Par un mémoire en défense, enregistré le 27 octobre 2022, le préfet de Maine-et-Loire demande au tribunal de rejeter la requête de M. B.
Il soutient que :
- la demande de titre de séjour de M. B du 21 septembre 2021 a été explicitement rejetée par une décision du 3 mai 2022, postérieure à l'enregistrement de la requête ;
- les moyens soulevés par M. B ne sont pas fondés.
Le bénéfice de l'aide juridictionnelle a été refusé à M. B par une décision du 22 août 2022.
II.Par une requête enregistrée le 29 juin 2022 sous le n° 2208345, M. D, représenté par Me Dazin, demande au tribunal :
1°) d'annuler l'arrêté du 3 mai 2022 par lequel le préfet de Maine-et-Loire a refusé de lui délivrer un titre de séjour, lui a fait obligation de quitter le territoire français sans délai, a fixé le pays à destination duquel il pourra être reconduit d'office lorsque le délai sera expiré et lui a interdit le retour sur le territoire pour une durée de dix-huit mois ;
2°) d'enjoindre au préfet de Maine-et-Loire de procéder au réexamen de sa demande afin de faire droit à sa demande d'admission exceptionnelle au séjour, dans un délai d'un mois à compter de la notification du jugement à intervenir, sous astreinte de 100 euros par jour de retard ;
3°) de mettre à la charge de l'Etat la somme de 1 500 euros à verser à son avocate en application des articles L. 761-1 du code de justice administrative et 37 de la loi du 10 juillet 1991 sur l'aide juridique.
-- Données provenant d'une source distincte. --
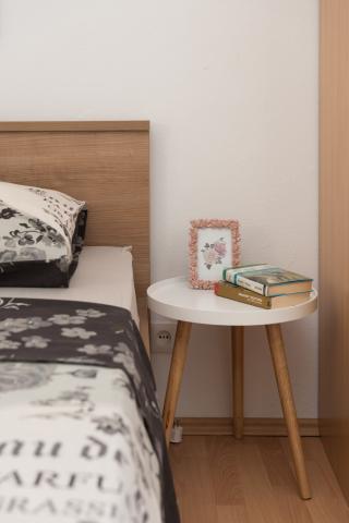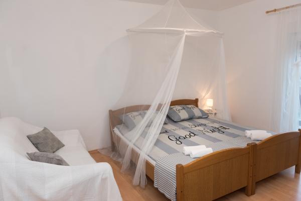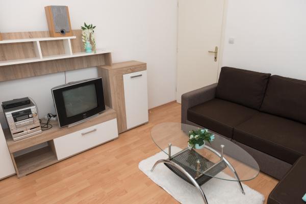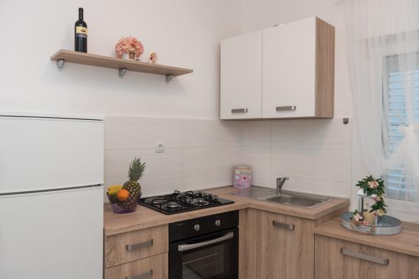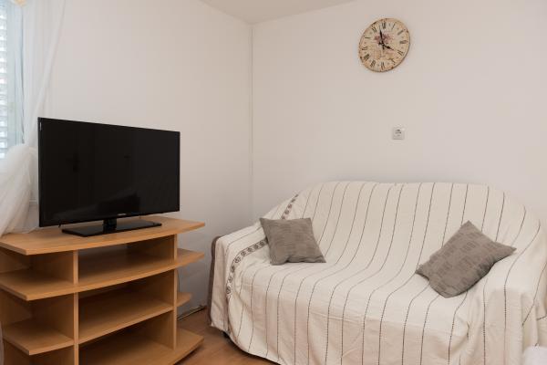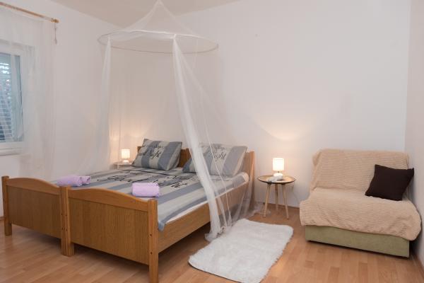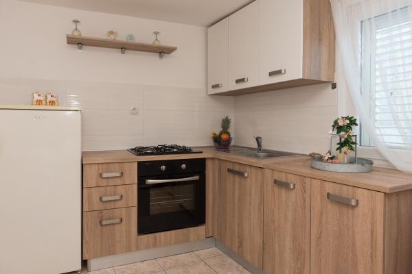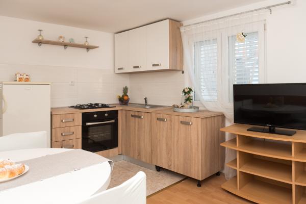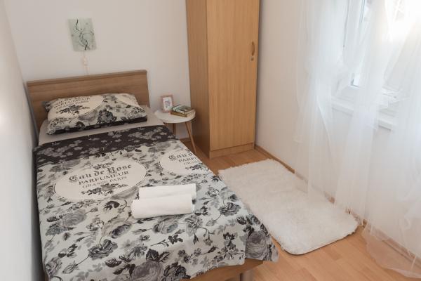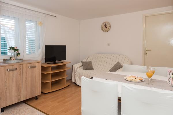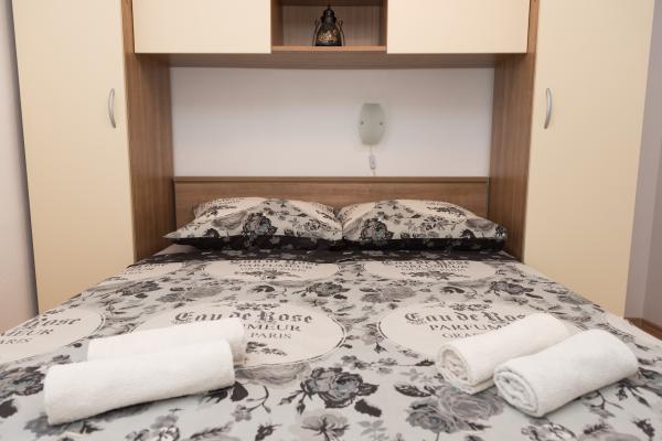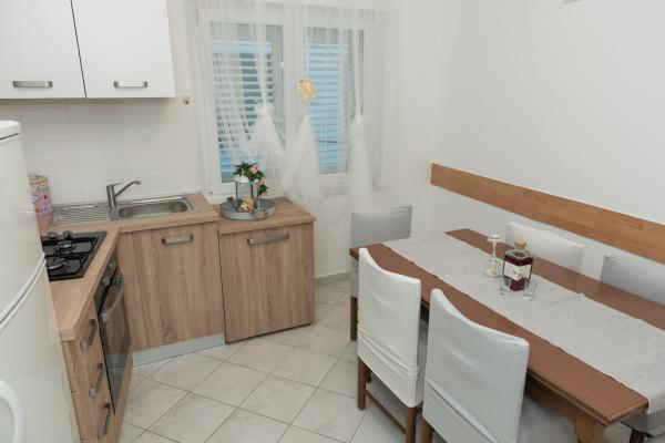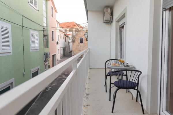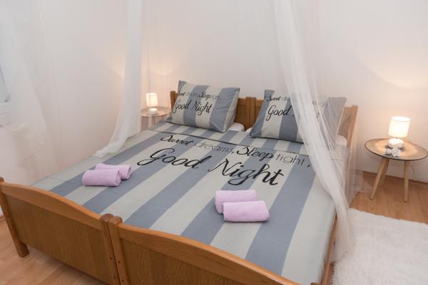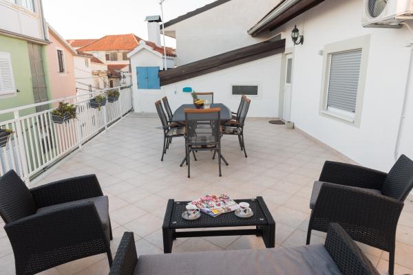Luxusní byt v centru města. Skládá se ze dvou ložnic, jednoho dvoulůžkového a jednoho samostatného pokoje a obývacího pokoje s jídelnou a kuchyní. V koupelně je sprchový kout. V bytě je prostorná terasa s výhledem na moře. Hosté mohou využít gril. Parkování je zajištěno.

S'agissant de la décision portant refus de titre de séjour :
- il n'est pas établi qu'elle a été signée par une autorité compétente ;
- elle est entachée d'une erreur manifeste d'appréciation de sa situation personnelle et d'une erreur de fait sur sa situation personnelle et méconnait ainsi l'article L. 435-1 du code de l'entrée et du séjour des étrangers et du droit d'asile ;
- elle méconnaît les stipulations de l'article 8 de la convention européenne de sauvegarde des droits de l'homme et des libertés fondamentales ;
S'agissant de la décision portant obligation de quitter le territoire français :
- il n'est pas établi qu'elle a été signée par une autorité compétente ;
- l'illégalité de la décision portant refus de titre de séjour la prive de base légale ;
- elle méconnaît les stipulations de l'article 8 de la convention européenne de sauvegarde des droits de l'homme et des libertés fondamentales ;
S'agissant de la décision portant interdiction de retour sur le territoire français pour une durée de dix-huit mois :
- il n'est pas établi qu'elle a été signée par une autorité compétente ;
- elle est injustifiée dès lors que sa présence sur le territoire français ne constitue pas une menace pour l'ordre public.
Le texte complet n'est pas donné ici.